* INFORMATION SUPPLIED
━━━━━━━━

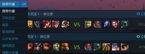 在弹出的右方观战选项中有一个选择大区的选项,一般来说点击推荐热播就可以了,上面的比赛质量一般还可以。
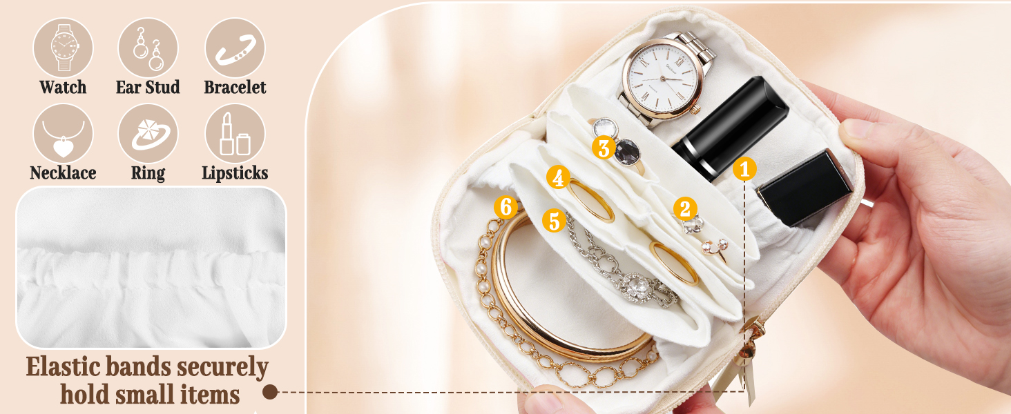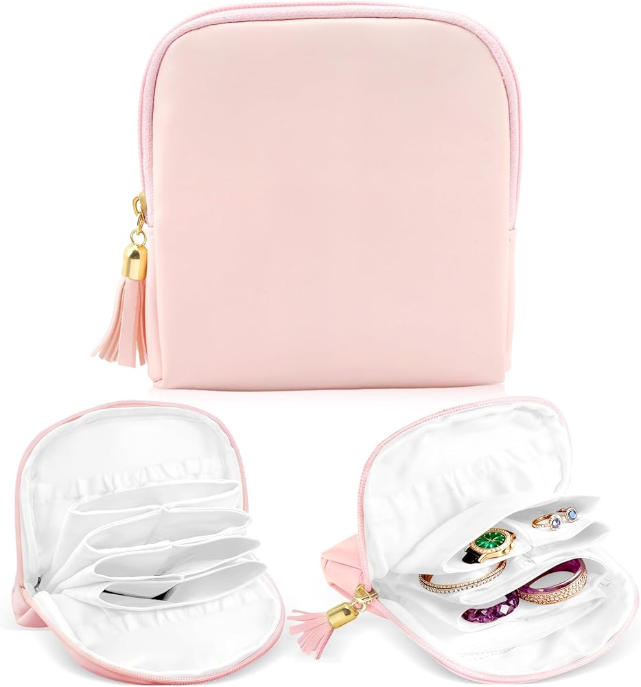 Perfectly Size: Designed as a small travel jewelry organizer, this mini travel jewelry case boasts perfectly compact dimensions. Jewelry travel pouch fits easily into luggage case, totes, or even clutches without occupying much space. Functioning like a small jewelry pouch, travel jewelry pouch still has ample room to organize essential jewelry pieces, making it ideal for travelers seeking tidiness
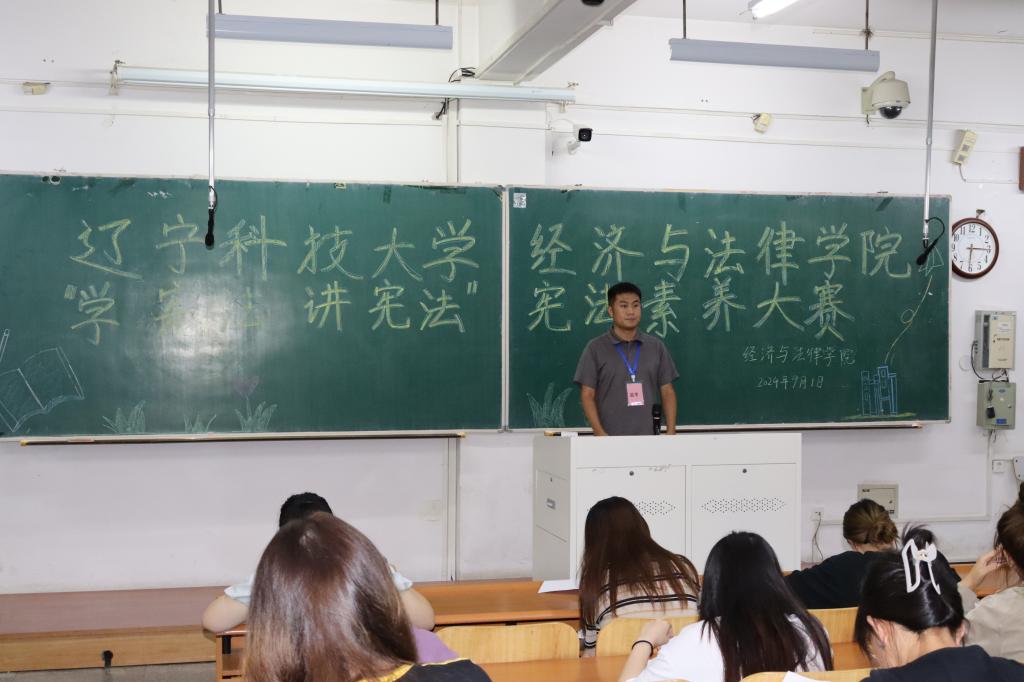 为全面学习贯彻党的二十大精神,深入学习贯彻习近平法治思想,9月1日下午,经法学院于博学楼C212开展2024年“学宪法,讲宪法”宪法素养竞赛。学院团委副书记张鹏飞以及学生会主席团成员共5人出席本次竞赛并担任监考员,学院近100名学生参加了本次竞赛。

━━━━━━━━

* WHAT YOU WILL DO
The answer must be the listing above, restated word for word, with no images in it.

* TASK ANSWER
 在弹出的右方观战选项中有一个选择大区的选项,一般来说点击推荐热播就可以了,上面的比赛质量一般还可以。
 Perfectly Size: Designed as a small travel jewelry organizer, this mini travel jewelry case boasts perfectly compact dimensions. Jewelry travel pouch fits easily into luggage case, totes, or even clutches without occupying much space. Functioning like a small jewelry pouch, travel jewelry pouch still has ample room to organize essential jewelry pieces, making it ideal for travelers seeking tidiness
 为全面学习贯彻党的二十大精神,深入学习贯彻习近平法治思想,9月1日下午,经法学院于博学楼C212开展2024年“学宪法,讲宪法”宪法素养竞赛。学院团委副书记张鹏飞以及学生会主席团成员共5人出席本次竞赛并担任监考员,学院近100名学生参加了本次竞赛。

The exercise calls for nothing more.